§ **Prompt**
Pictures are to be left out, and only the lines from the one containing "Wiszące kolczyki z" through the last line of the data are to be returned exactly.

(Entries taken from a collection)
============
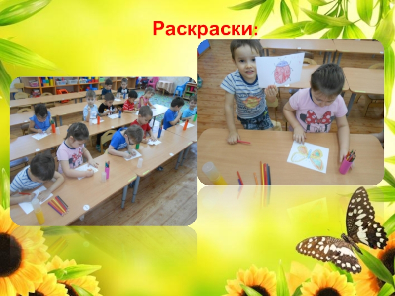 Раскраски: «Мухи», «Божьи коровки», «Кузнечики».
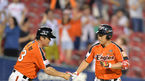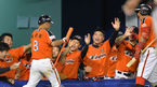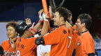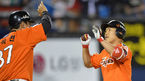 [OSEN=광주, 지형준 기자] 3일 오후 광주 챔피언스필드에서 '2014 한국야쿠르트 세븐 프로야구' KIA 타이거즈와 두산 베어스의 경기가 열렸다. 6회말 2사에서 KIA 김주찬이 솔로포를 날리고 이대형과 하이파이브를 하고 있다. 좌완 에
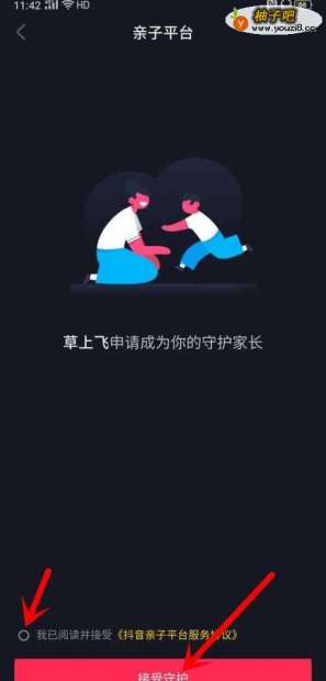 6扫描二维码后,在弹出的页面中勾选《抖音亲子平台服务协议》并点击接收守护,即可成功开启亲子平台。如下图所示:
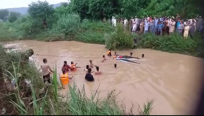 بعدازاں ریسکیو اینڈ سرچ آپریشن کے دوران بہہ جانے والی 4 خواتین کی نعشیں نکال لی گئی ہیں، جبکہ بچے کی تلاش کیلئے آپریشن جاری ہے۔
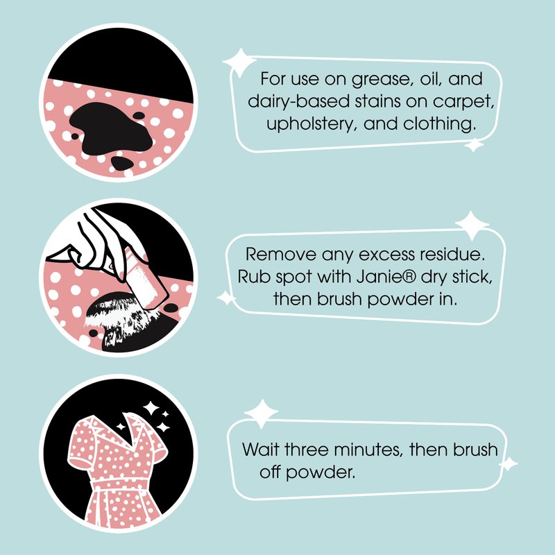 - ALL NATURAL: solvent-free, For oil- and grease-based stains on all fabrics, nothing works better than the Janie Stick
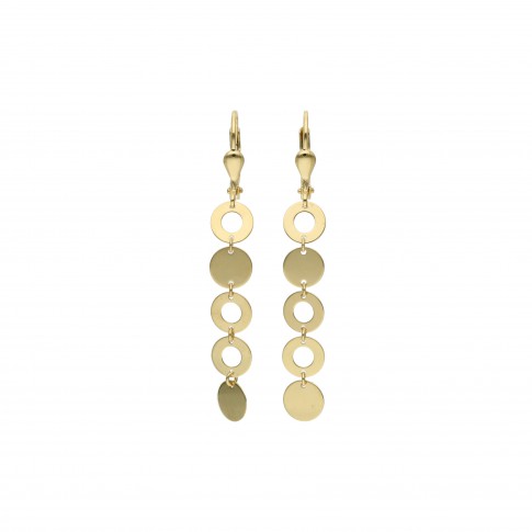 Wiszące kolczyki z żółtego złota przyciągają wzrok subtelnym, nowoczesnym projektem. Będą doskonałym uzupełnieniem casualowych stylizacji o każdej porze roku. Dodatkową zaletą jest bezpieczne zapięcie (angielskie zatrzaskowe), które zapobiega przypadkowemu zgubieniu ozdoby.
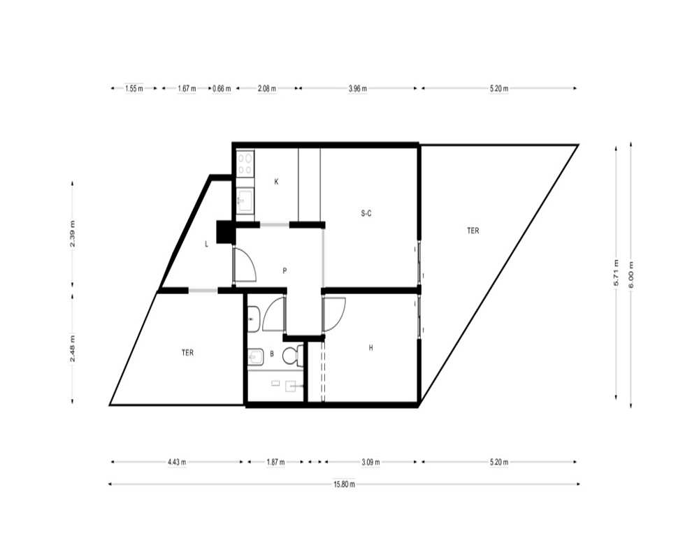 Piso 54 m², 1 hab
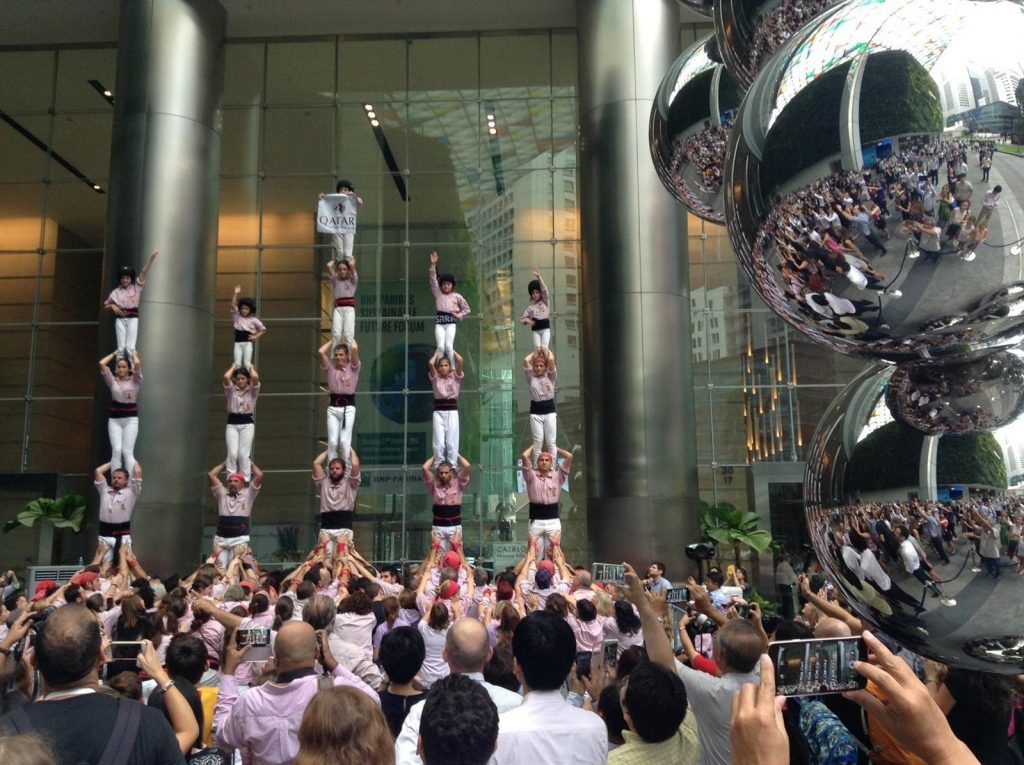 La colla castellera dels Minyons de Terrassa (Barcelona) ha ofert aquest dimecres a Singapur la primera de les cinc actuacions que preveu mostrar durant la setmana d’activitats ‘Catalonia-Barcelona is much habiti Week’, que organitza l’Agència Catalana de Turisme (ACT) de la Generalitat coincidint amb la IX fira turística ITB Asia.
============
§ **Solution for this exercise**
 Wiszące kolczyki z żółtego złota przyciągają wzrok subtelnym, nowoczesnym projektem. Będą doskonałym uzupełnieniem casualowych stylizacji o każdej porze roku. Dodatkową zaletą jest bezpieczne zapięcie (angielskie zatrzaskowe), które zapobiega przypadkowemu zgubieniu ozdoby.
 Piso 54 m², 1 hab
 La colla castellera dels Minyons de Terrassa (Barcelona) ha ofert aquest dimecres a Singapur la primera de les cinc actuacions que preveu mostrar durant la setmana d’activitats ‘Catalonia-Barcelona is much habiti Week’, que organitza l’Agència Catalana de Turisme (ACT) de la Generalitat coincidint amb la IX fira turística ITB Asia.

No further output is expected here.